• Your instructions:
Word for word, copy the lines beginning at the one with "Before the start" and ending at the last line below; pictures stay out.

#### Supplied records

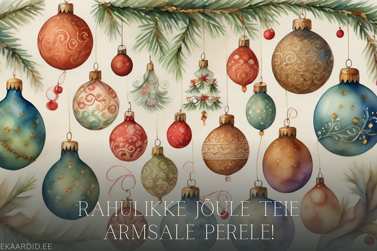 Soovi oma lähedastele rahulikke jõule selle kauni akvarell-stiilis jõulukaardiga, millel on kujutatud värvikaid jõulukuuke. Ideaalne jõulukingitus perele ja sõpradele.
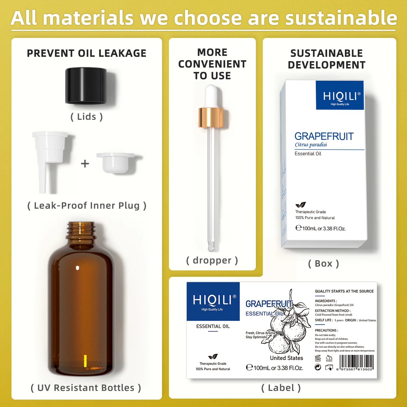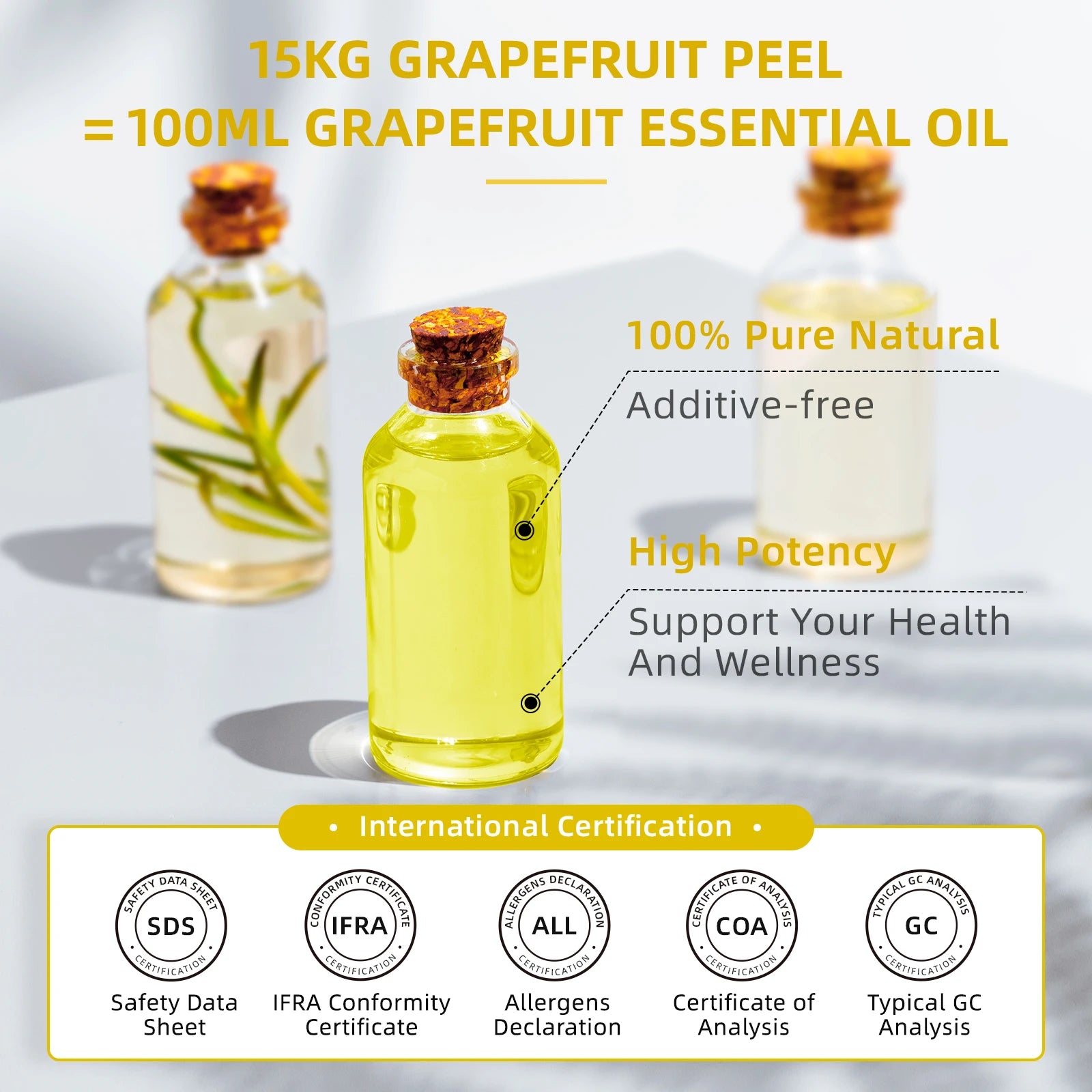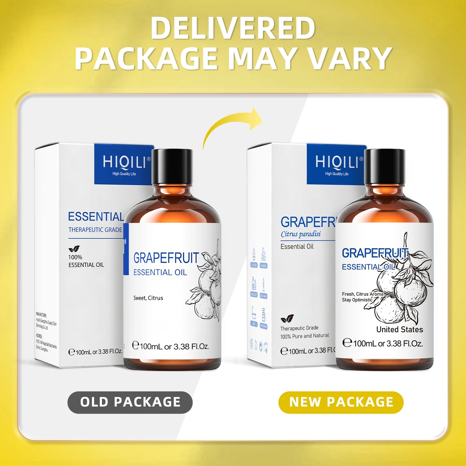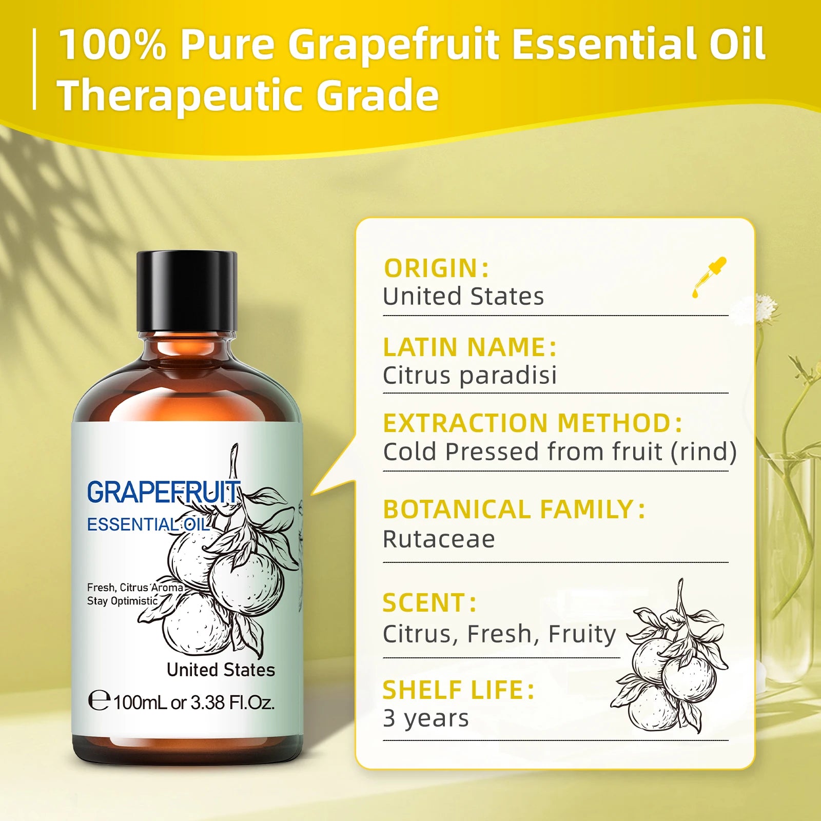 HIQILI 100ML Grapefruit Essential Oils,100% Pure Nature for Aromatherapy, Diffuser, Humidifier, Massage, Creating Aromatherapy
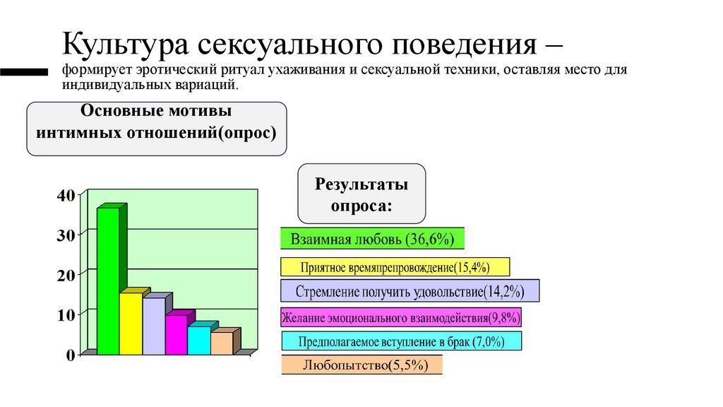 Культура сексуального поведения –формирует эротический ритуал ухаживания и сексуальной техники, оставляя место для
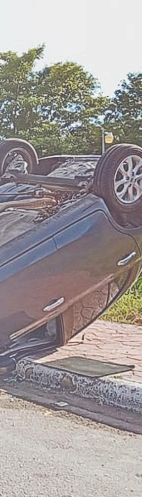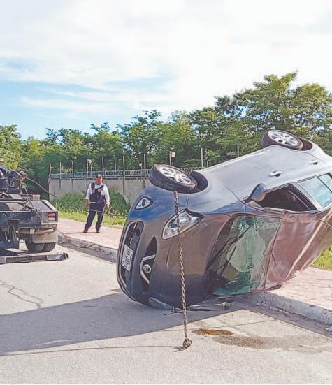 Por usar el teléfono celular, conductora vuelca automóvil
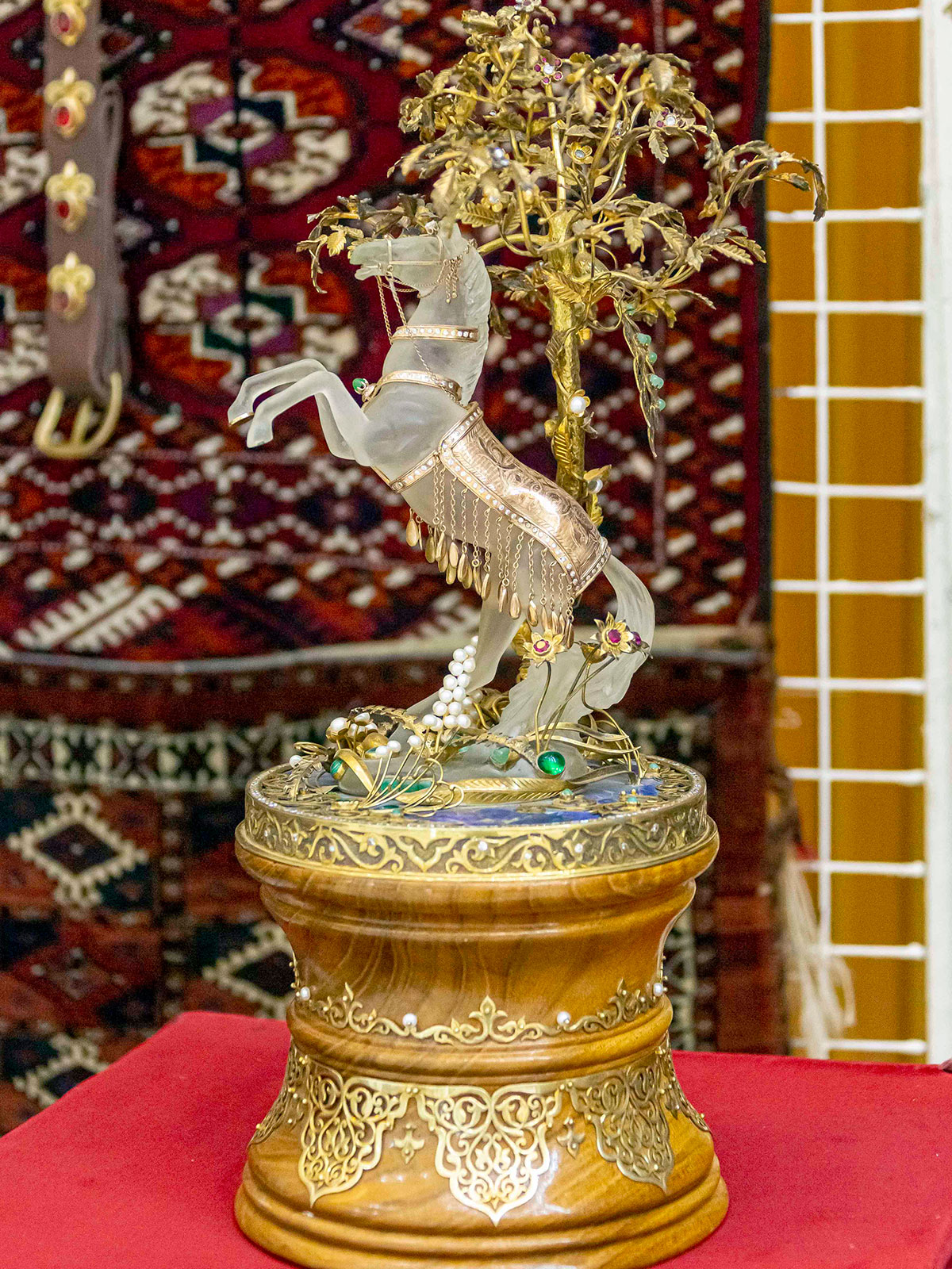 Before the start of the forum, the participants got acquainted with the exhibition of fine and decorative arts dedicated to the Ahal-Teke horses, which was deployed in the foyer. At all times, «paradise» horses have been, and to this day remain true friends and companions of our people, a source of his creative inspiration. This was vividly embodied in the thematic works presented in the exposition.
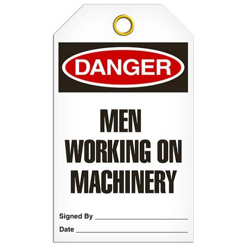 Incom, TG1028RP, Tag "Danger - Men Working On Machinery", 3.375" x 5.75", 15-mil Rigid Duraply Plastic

########

• Answer for this exercise:
 Before the start of the forum, the participants got acquainted with the exhibition of fine and decorative arts dedicated to the Ahal-Teke horses, which was deployed in the foyer. At all times, «paradise» horses have been, and to this day remain true friends and companions of our people, a source of his creative inspiration. This was vividly embodied in the thematic works presented in the exposition.
 Incom, TG1028RP, Tag "Danger - Men Working On Machinery", 3.375" x 5.75", 15-mil Rigid Duraply Plastic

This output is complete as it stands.